Die Telefoneinwahl unterliegt der Kontrolle der jeweiligen Nationalstaaten – sie ist ein Einfallstor für das Abhören jedweder Gespräche. Für den deutschen Videokonferenzanbieter alfaview ist es völlig unverständlich, warum deutsche Behörden ein bekanntermaßen völlig unsicheres Videokonferenzsystem aus den USA nutzen.

Oftmals empfehlen IT- und Beratungshäuser Webex-Instanzen, weil sie damit Millionen verdienen. Sicherheit spielt dabei oft eine untergeordnete Rolle. Es ist nicht nachvollziehbar, warum hunderte Millionen an Steuergeldern ins Silicon Valley fließen, anstatt deutsche oder europäische Anbieter zu fördern. Diese Mittel fehlen letztlich den deutschen und europäischen Unternehmen. Der Sicherheitsskandal aber vor allem deshalb brisant, weil ein sicheres, hochverfügbares und datenschutzkonformes System aus Deutschland existiert. Es besteht keine Notwendigkeit, auf Systeme aus Drittstaaten zurückzugreifen.

Wie kann es sein, dass deutsche Behörden und öffentliche Einrichtungen ganz selbstverständlich Systeme US-amerikanischer Hersteller nutzen, obwohl bei der Nutzung sensible Daten abgegriffen werden können?
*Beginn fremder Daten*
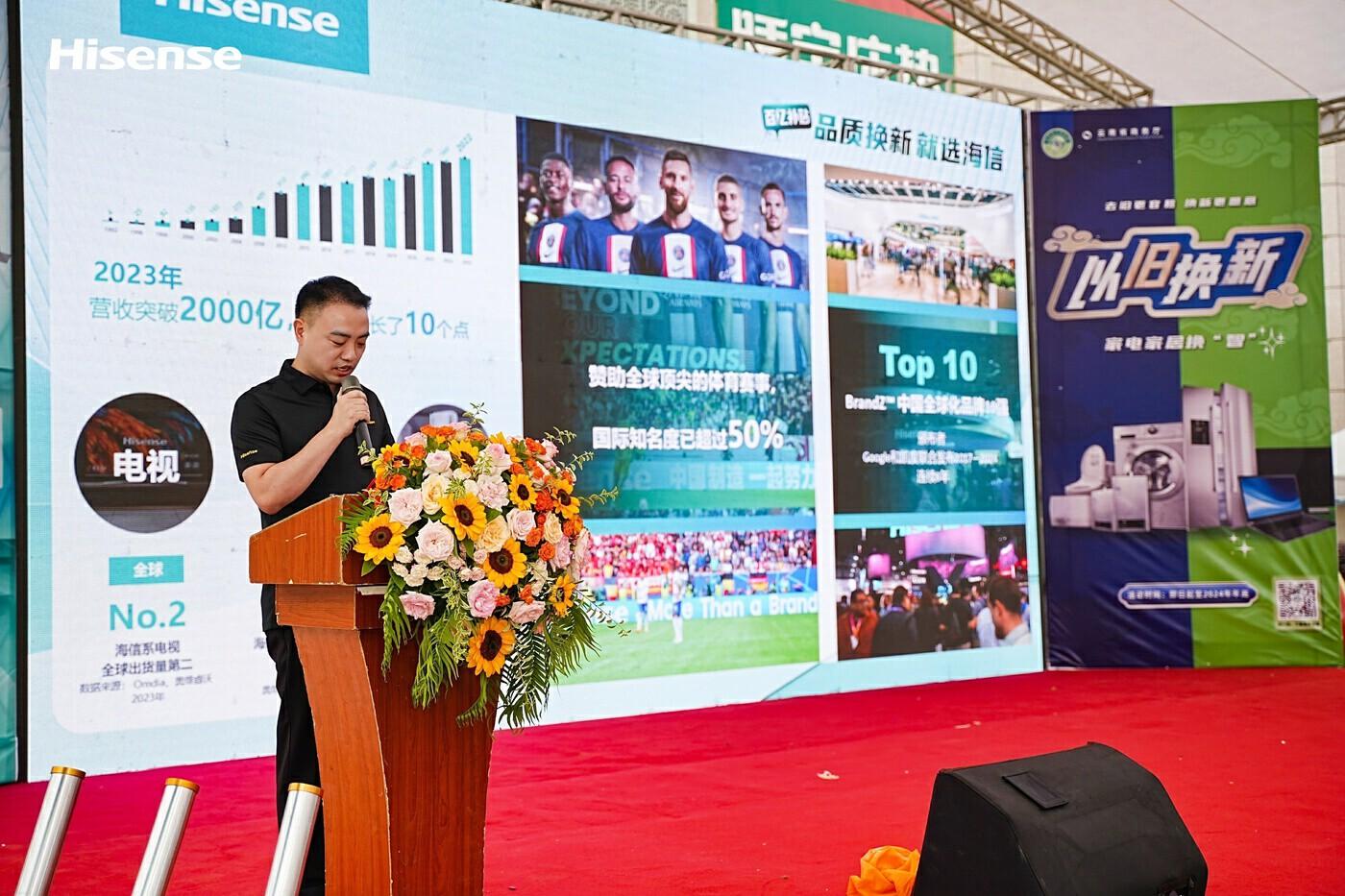 9月7日,“去旧更容易 换新更愿意”——蒙自市消费品以旧换新活动启动仪式暨海信以旧换新十城联动活动在红河哈尼族彝族自治州蒙自市滇南大商汇中心广场举行。海信将联合政府及协会,深入县(市)乡(镇)市场,持续开展家电以旧换新国补政策宣传和相关服务。

alfaview ist ein deutscher Anbieter, der am Technologiestandort Deutschland hochprofessionelle Softwareentwicklung betreibt. Warum wird in Deutschland nicht ganz bewusst auf Anbieter gesetzt, die die gesetzlichen Bedingungen unseres Rechtsraumes einhalten und qualitativ hochwertige, sichere und leistungsfähige Plattformen betreiben?

Warum verschließt man die Augen vor existierenden Alternativen aus Deutschland und nutzt unsichere US-Produkte, die nicht abhörsicher sind? Warum bastelt jede Institution an eigenen, instabilen Systemen, anstatt das langjährige und fundierte Know-how eines professionellen Anbieters zu nutzen?

Um den Technologiestandort Deutschland zu schützen, müssen sensible und vertrauliche Daten, aber auch Geschäftsgeheimnisse von deutschen Unternehmen in Europa bleiben. Wir sollten jetzt handeln und auch in der Praxis durchsetzen, dass unsichere Videokommunikationssysteme, die nicht auf der Basis unseres Rechtssystems operieren, in Deutschland und der Europäischen Union nicht länger genutzt werden dürfen.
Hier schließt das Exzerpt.